The core element for the moratorium is support for agrobiodiversity and the right to conserve these valuable resources to face the challenges of food security, climate change and sovereignty. Peru’s food supply is in the hands of the 2.2 million small-scale farmer families who provide approximately 75% of the country’s produce. Family agriculture represents 97% of Peru’s total agricultural units.
“It does not make sense to put at risk our entire biogenetic heritage, the millennial agriculture model, which is fundamentally familiar and very diverse, to move on to a completely different model, which starts from the business ownership of seeds, monoculture, intensive use of herbicides and the concentration of land by a few companies,” – Jaime Delgado, former congressman and author of the first law establishing the moratorium in 2011.

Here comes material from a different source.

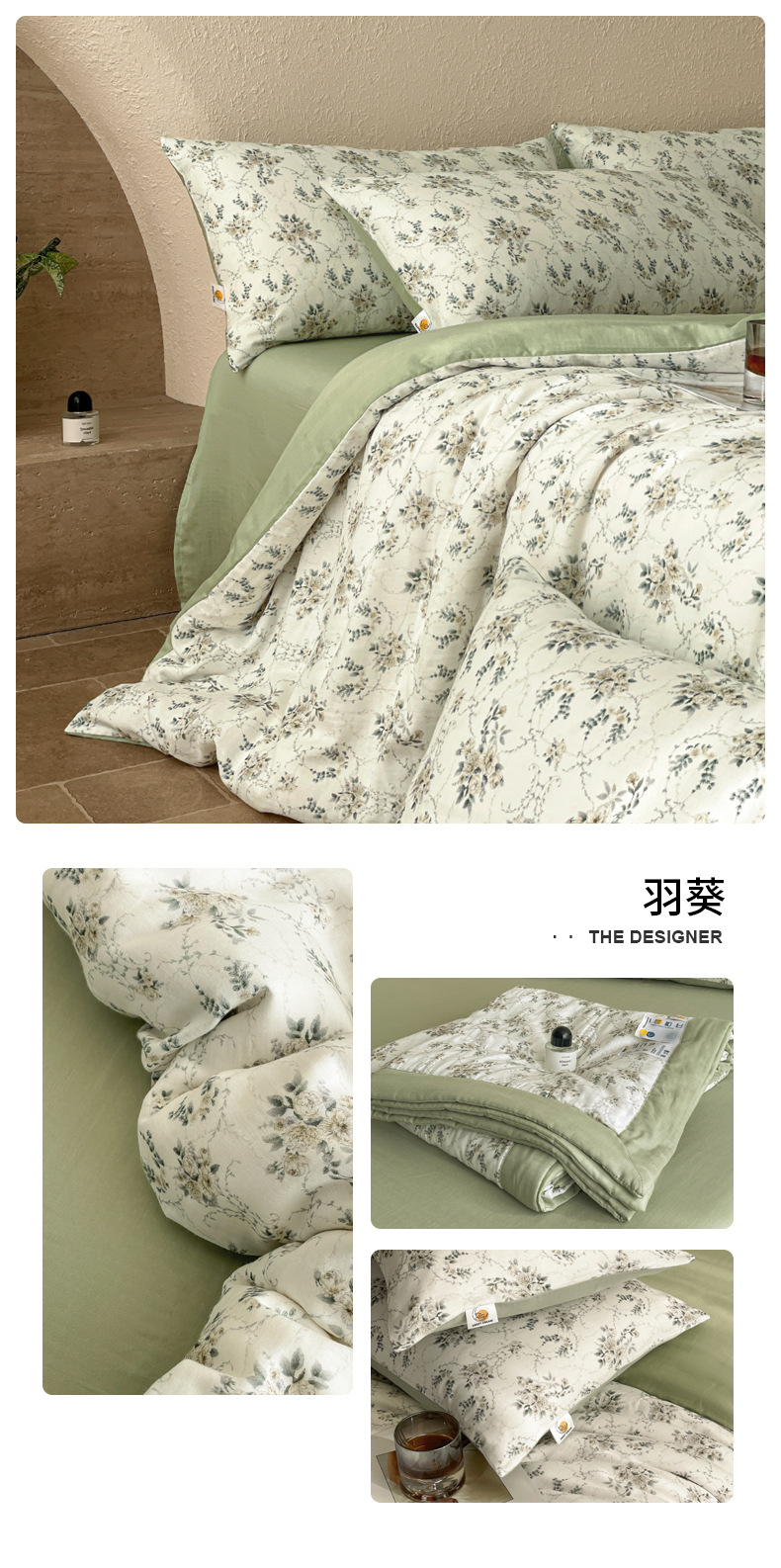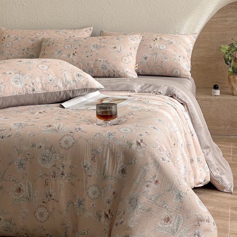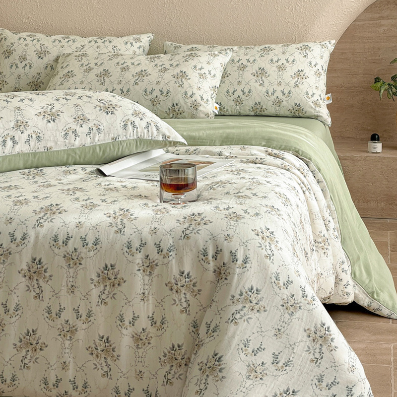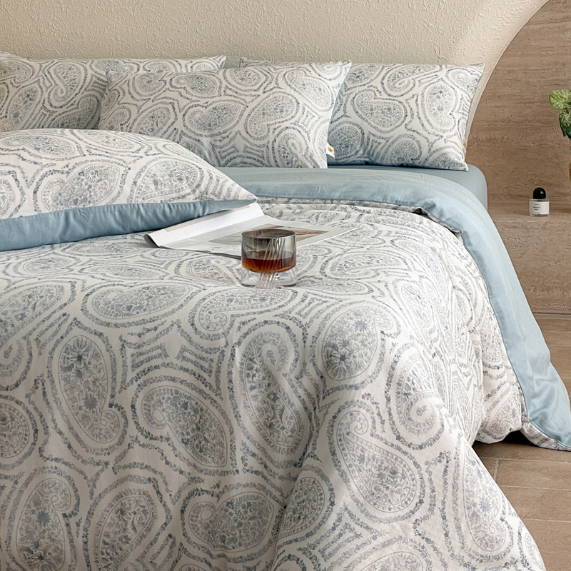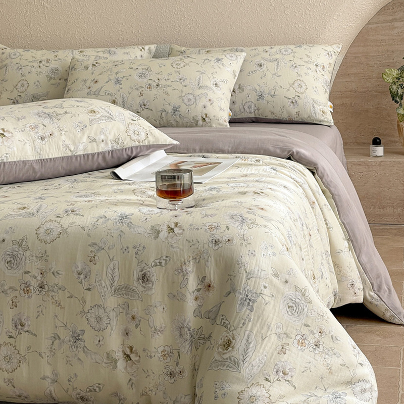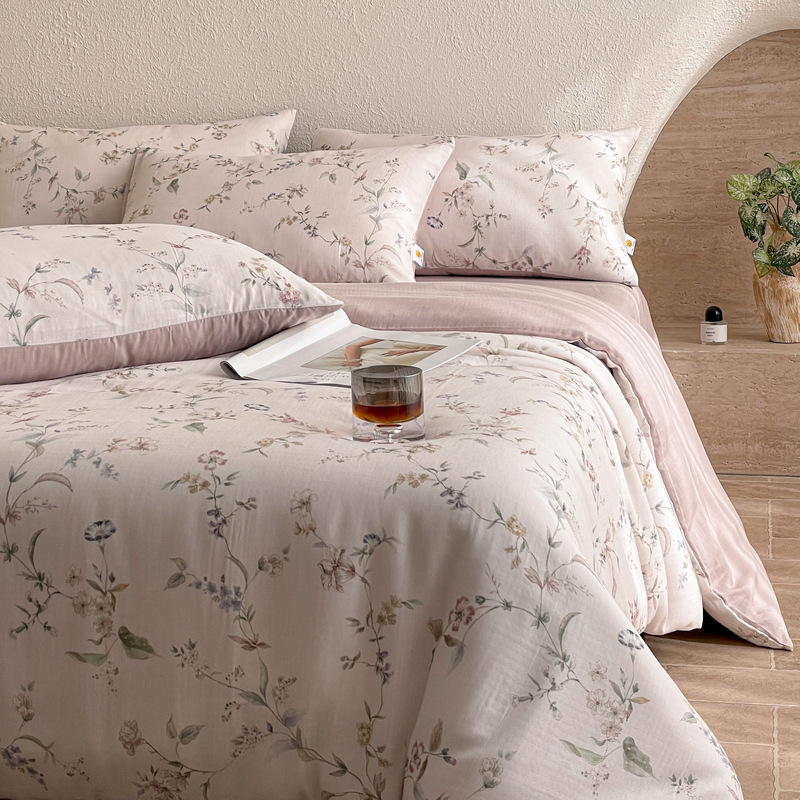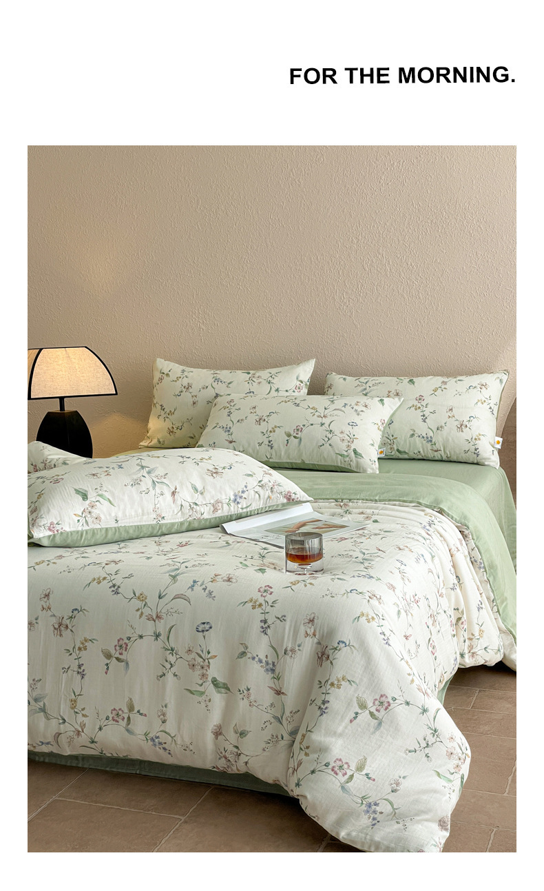 Lyocell 코튼 신선한 더블 레이어 원사 4 피스 침구 퀼트 커버 시트 봄과 여름 하이 엔드 마스터 침실

“It is now time to start working in a coordinated and participatory way to make this law an instrument for the sustainable management of resources and agrobiodiversity, so that we can all benefit—especially the small and medium producers who have historically been the ones who conserved these resources which are of great value and are the capital support that we have as a country.” – Luis Gomero Osorio, president of the Consorcio Agroecológico Peruano
Indigenous peoples in Peru have taken strong stands against genetic engineering for decades. Peru is the global centre of diversity for potatoes with over 4000 native varieties, and Peruvian farmers have long opposed the development of genetically engineered potatoes. “People such as these, who say that they are scientists creating better seeds, are interested only in selfish aims. They help corporations increase their already hefty profits and destroy our biodiversity and the economy of indigenous farmers who depend on the diversity of native crops,” – Ricardo Pacco, leader of the Potato Park communities.
Indigenous communities in Peru also strongly opposed the use of genetically engineered sterile seed “Terminator Technology” and their actions helped secure a moratorium on Terminator at the UN Convention on Biological Diversity.
Tanzania Halts GM Research Trials
In mid-January, Tanzania’s newly appointed agriculture minister announced the cancellation of research trials involving genetically modified organisms and a decision to put in place extra biosafety scrutiny on imported GM seed.
The decisions were taken in order to conserve the country’s genetic resources and local seed. The minister was reported to say that the moves were taken out of concern for “market dominance by a few companies with local farmers forced to buy from them every year hence creating seed dependence,” and, “We shall conduct other types of agricultural research activities to improve seeds and increase yield and productivity through conventional methods but not GMO research.”
A similar statement made in 2018 about the cancellation of GM field trials was later contradicted. The African Centre for Biodiversity says, “These back-and-forth statements on cancellation of GM trials seem to signify a deep divide within government and a lack of consensus among officials regarding GM crops.”